**Your assignment:** Output must consist only of the lines of the material below from the one with "Two animated bottles" through the one with "مادة التربية الإسلامية", each reproduced exactly; no pictures belong in it.

**Material supplied:**
BEGIN

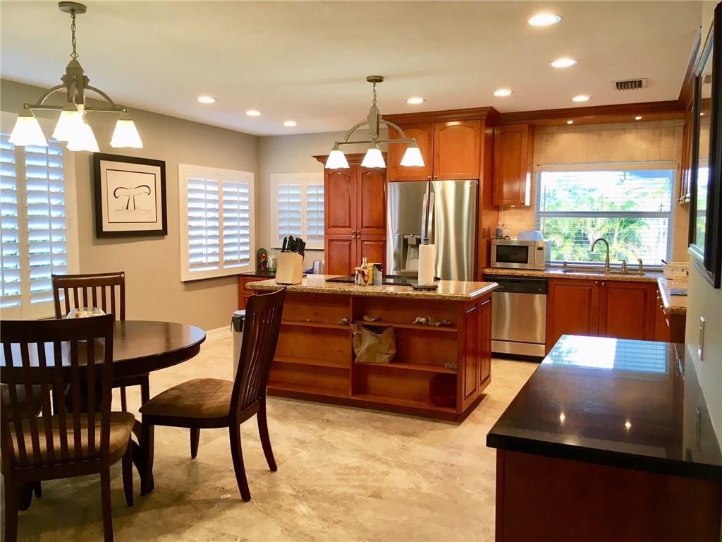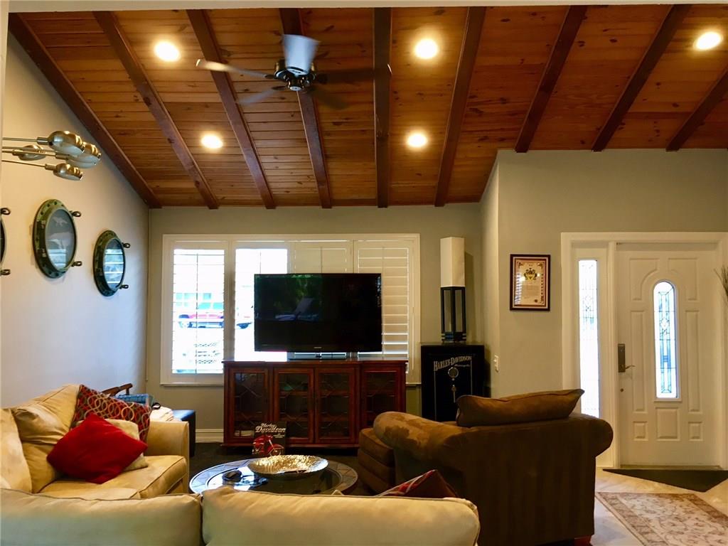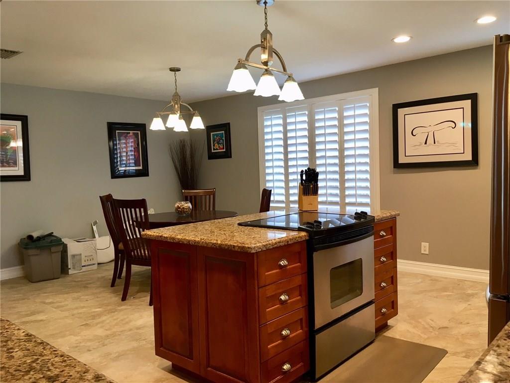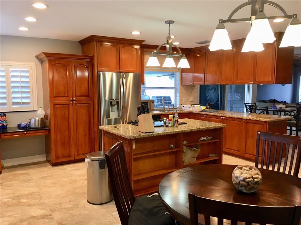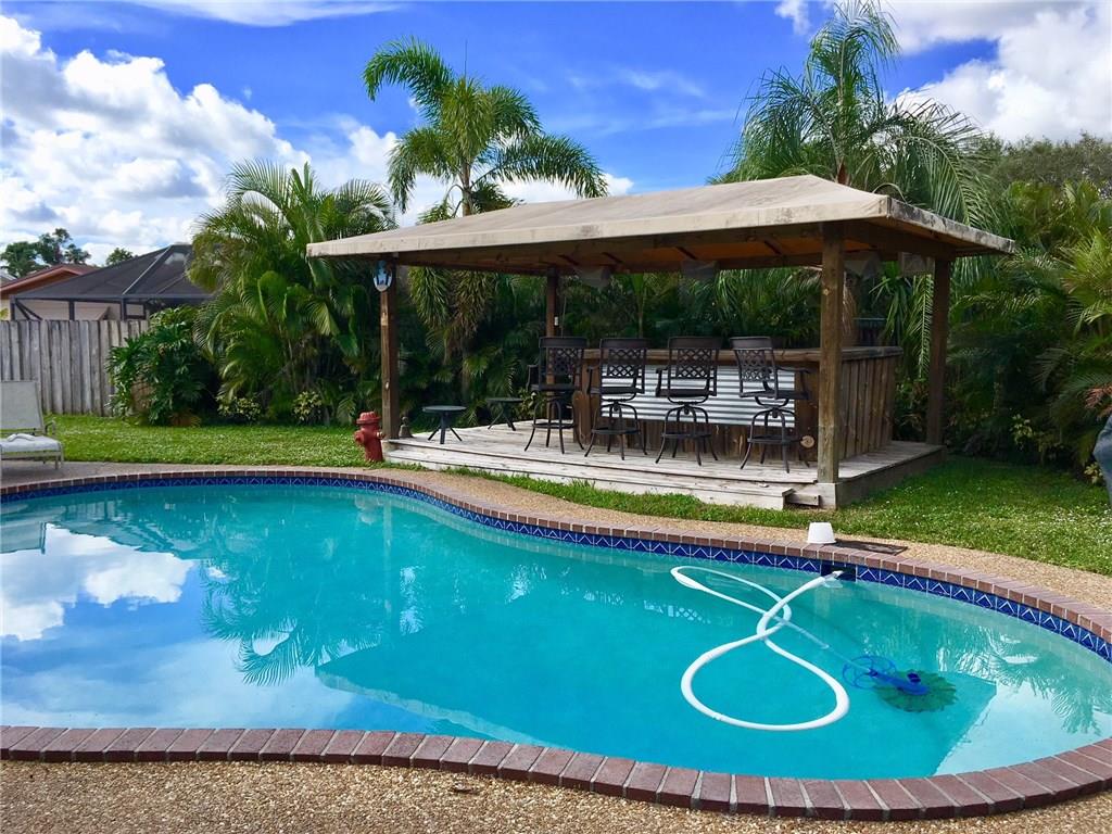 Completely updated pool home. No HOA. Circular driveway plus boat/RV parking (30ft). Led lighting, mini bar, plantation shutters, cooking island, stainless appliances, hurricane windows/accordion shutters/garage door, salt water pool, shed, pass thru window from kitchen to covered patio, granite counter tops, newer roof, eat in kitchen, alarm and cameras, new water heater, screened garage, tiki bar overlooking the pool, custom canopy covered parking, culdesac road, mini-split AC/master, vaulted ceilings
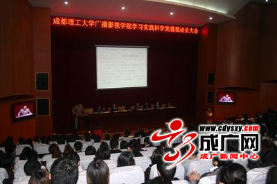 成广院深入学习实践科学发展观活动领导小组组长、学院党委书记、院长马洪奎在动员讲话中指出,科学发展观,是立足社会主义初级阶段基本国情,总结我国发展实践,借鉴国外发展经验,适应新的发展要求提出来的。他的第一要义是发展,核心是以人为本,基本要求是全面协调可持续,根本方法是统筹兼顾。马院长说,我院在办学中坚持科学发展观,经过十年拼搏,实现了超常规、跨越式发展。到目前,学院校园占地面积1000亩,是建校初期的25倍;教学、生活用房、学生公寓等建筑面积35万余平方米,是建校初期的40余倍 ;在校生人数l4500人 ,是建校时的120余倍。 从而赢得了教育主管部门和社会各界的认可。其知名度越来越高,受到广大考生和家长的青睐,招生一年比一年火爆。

END
BEGIN

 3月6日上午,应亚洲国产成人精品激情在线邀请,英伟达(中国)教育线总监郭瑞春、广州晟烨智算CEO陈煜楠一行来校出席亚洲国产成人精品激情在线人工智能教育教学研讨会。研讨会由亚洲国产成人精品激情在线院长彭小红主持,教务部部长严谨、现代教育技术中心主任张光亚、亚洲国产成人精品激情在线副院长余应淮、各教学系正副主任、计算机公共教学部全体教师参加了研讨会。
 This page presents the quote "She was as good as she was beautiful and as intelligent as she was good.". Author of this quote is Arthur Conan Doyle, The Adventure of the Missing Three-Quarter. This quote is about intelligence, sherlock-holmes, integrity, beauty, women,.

END
BEGIN

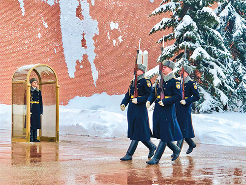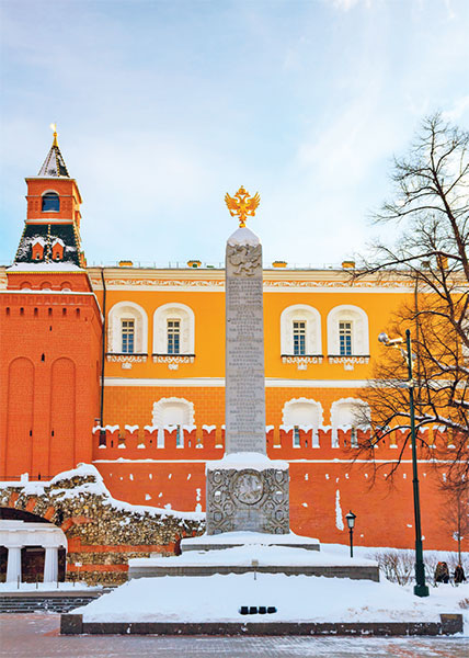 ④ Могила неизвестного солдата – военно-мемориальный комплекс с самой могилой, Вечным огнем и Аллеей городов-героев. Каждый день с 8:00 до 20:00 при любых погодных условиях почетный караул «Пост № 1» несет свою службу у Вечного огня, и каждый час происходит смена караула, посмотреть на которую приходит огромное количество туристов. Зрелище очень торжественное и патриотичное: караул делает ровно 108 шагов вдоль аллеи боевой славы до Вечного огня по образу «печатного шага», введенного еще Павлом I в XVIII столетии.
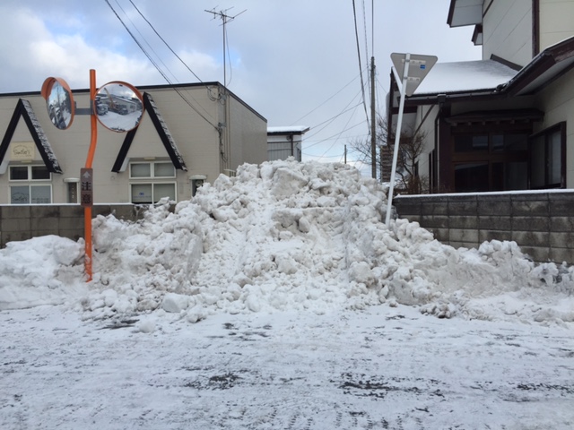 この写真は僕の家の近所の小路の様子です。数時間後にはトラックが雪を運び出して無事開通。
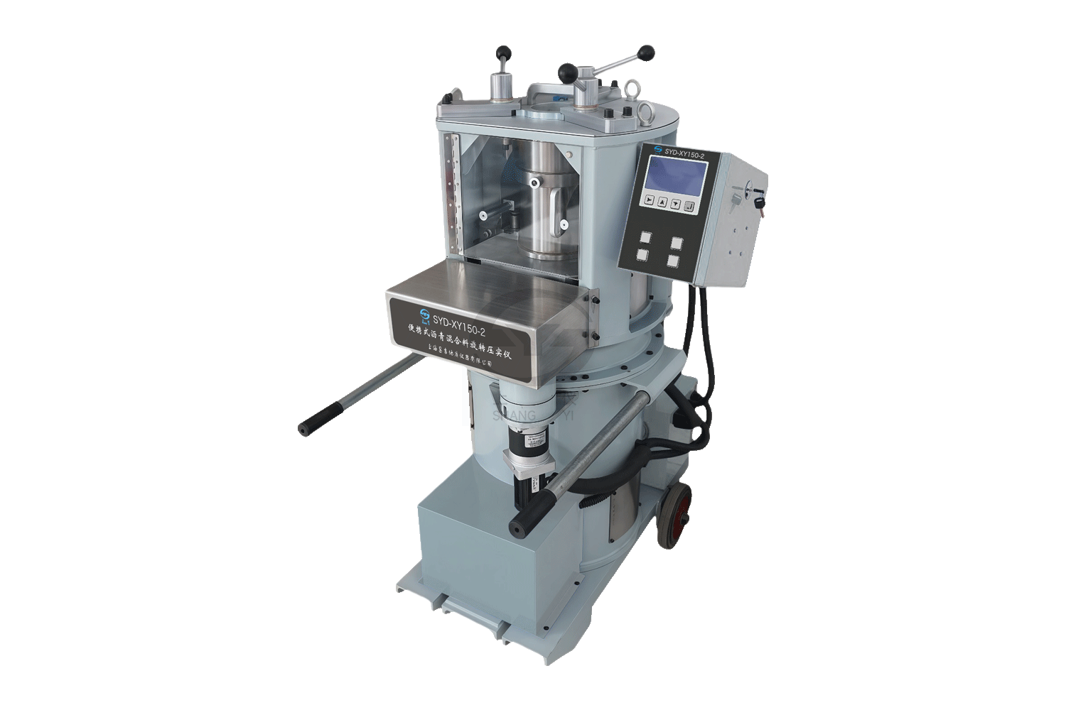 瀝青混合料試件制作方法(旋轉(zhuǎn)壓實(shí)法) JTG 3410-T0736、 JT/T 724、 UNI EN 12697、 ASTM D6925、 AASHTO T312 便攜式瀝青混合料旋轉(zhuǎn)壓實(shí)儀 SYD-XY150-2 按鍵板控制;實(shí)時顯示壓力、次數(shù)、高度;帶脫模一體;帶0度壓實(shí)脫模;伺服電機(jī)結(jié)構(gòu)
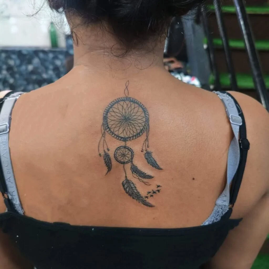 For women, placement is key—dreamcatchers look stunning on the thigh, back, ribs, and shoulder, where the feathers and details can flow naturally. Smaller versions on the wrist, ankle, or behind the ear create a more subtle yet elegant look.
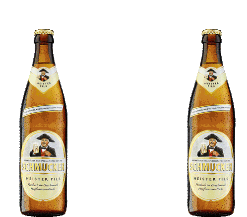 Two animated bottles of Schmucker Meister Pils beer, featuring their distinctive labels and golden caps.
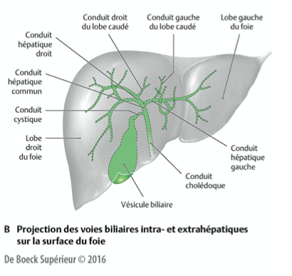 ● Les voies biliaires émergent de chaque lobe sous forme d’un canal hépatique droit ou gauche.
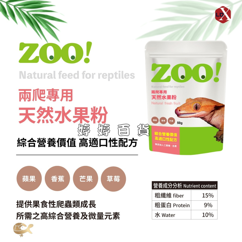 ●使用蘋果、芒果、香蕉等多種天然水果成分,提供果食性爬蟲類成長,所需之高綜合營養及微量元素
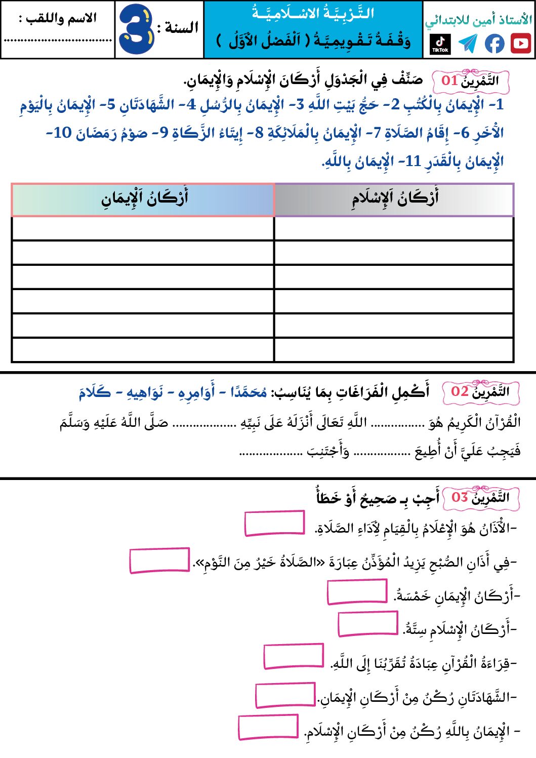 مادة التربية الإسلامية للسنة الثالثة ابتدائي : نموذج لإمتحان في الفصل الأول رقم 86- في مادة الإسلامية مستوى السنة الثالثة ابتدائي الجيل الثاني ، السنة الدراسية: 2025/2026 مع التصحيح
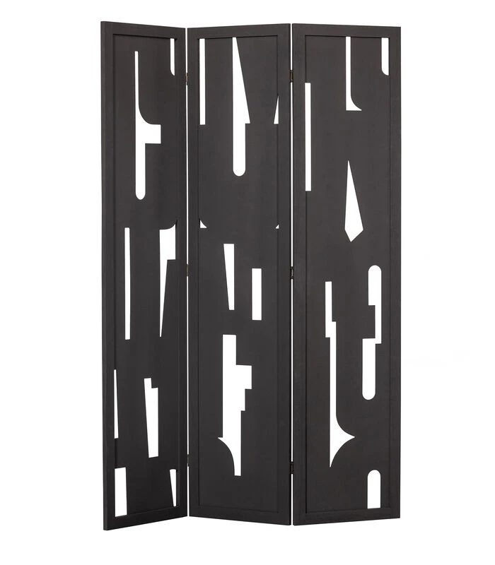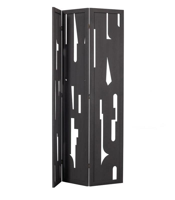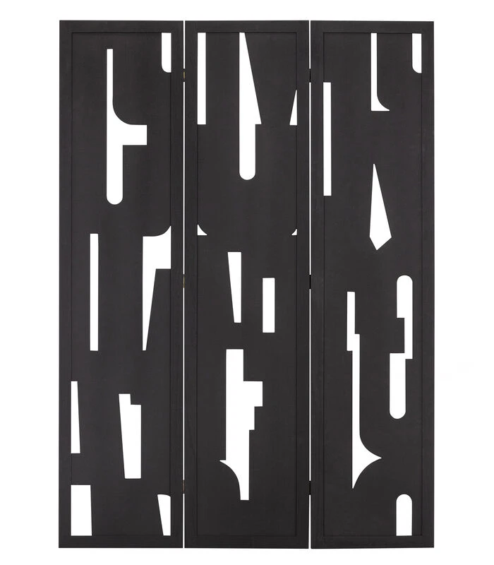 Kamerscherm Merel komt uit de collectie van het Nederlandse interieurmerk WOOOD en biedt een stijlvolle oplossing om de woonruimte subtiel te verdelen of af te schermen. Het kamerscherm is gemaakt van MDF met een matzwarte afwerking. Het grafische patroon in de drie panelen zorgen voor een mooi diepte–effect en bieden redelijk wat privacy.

END

**Written reply:**
 Two animated bottles of Schmucker Meister Pils beer, featuring their distinctive labels and golden caps.
 ● Les voies biliaires émergent de chaque lobe sous forme d’un canal hépatique droit ou gauche.
 ●使用蘋果、芒果、香蕉等多種天然水果成分,提供果食性爬蟲類成長,所需之高綜合營養及微量元素
 مادة التربية الإسلامية للسنة الثالثة ابتدائي : نموذج لإمتحان في الفصل الأول رقم 86- في مادة الإسلامية مستوى السنة الثالثة ابتدائي الجيل الثاني ، السنة الدراسية: 2025/2026 مع التصحيح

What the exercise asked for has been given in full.